Résumé 
Classification and generation of sound require a modeling approach
that takes into account, additionally to the common sound features,
also the statistical behaviour of the sound components. Such
statistics include the stationary random fluctuations in amplitude and
frequency that occur during sustained portions of the sound and the
stochastic behaviour of sound during its lifetime.
In our work we have considered so far statistical models of the
variations that occur during a sustained portion of the sound.
Various aspects, such as phase coupling and its relation to Higher
Order Statistical (HOS) analysis were investigated and shown to be
important for sound characterization.
The purpose of the current work is to extend this research towards
modeling the temporal behaviour of sound. We are considering a
unified model that combines spectral and HOS features and apply a new
method for comparison between the temporal evolutions of these
features. Typical applications envisioned are very broad and include
characterisation for analysis/synthesis, coding and sound database
retrieval.
In order to understand the problems in comparing sounds, one must note
that there are different temporal scales for sound behaviour. This
includes short term correlations related to the timbral properties
(such as formants), correlations due to pitch period, slower
modulations such as vibrato, expressivity inflections, and transitions
between different notes. Thus a sequence that might seem stationary
on one time scale, departs from stationarity and ergodicity on another
time scale.
This situation poses a problem for assessing the right probability
function for the sequence of samples. Moreover, for purposes of
classification, introducing similarity measures between sounds is
usually based upon specific models (like Markov models of a certain
order) or apriori knowledge of the parametric shape of the probability
distribution, a situation which we would like to avoid.
A possible solution for this problem is to consider the Markovian
property at different time scales by using multiple features and
capturing their temporal behaviours. Thus, we consider a model
composed of features that represent stationary segments (states) and
transition between these states.
For short time description of the sound we use a of spectral envelopes
(Mel Frequency Cepstral Coefficients (MFCC), like in speech), which
allow for up to 90% of data reduction in sound representation.
Moreover, a vector quantisation (VQ) procedure further reduces the set
of envelopes by optimally representing the complete dataset with just
a few typical envelopes.
In order to capture the information present in higher cepstral
coefficients as well, additional parameters were used. These higher
cepstral coefficients correspond to the excitation signal (also called
the residual). Variations in the fundamental frequency and HOS
parameters that describe the residual properties (such as kurtosis
which is related to phase coupling) were used.

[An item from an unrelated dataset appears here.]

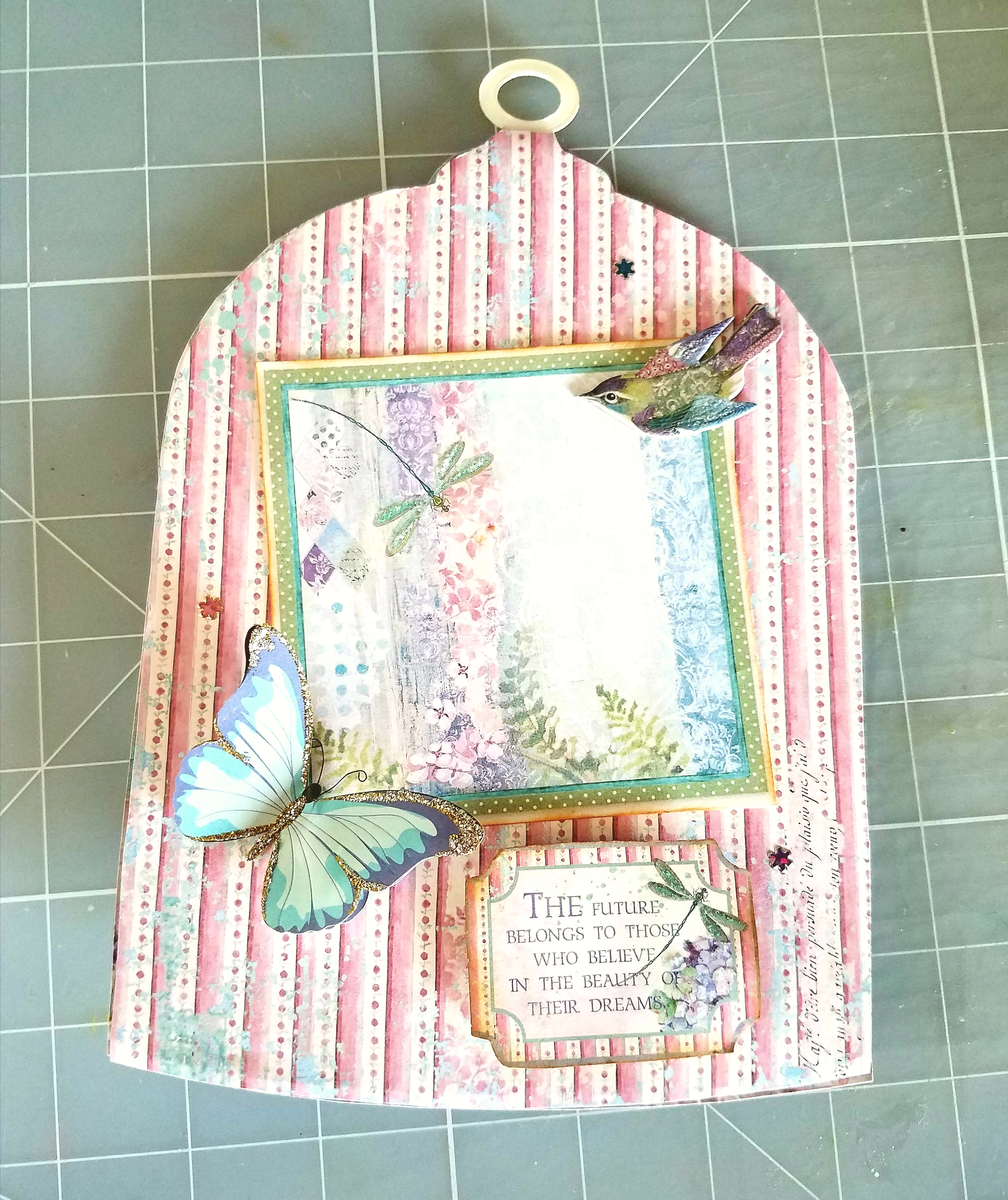 I also uses one of these chipboard Dragonfly pieces to decorate my album Chipboard Shape

The investigation into temporal structure of the signal was done along
two lines:
1). the short time temporal evolution is described by specific
features such as cepstral "difference" and "acceleration". The
evolution is considered in terms of transition between "typical"
envelopes found by VQ. This method gives excellent performance for
limited data sets such as isolated notes by matching both the
instantaneous spectral shapes and their evolution.
2). for the long term behaviour of the signal we applied
informationtheoretic tools for classification of the feature
sequences. Using ZivMerhav ``universal'' sequence classification
method, the crossentropy comparison is done without estimation of a
specific Markov model. The model requires long feature sequences to
reveal its structure and is applicable for complex sounds such as note
sequences and some nonmusical sounds.
The model, classification scheme and refinements for specific types of
sounds will be presented in the paper.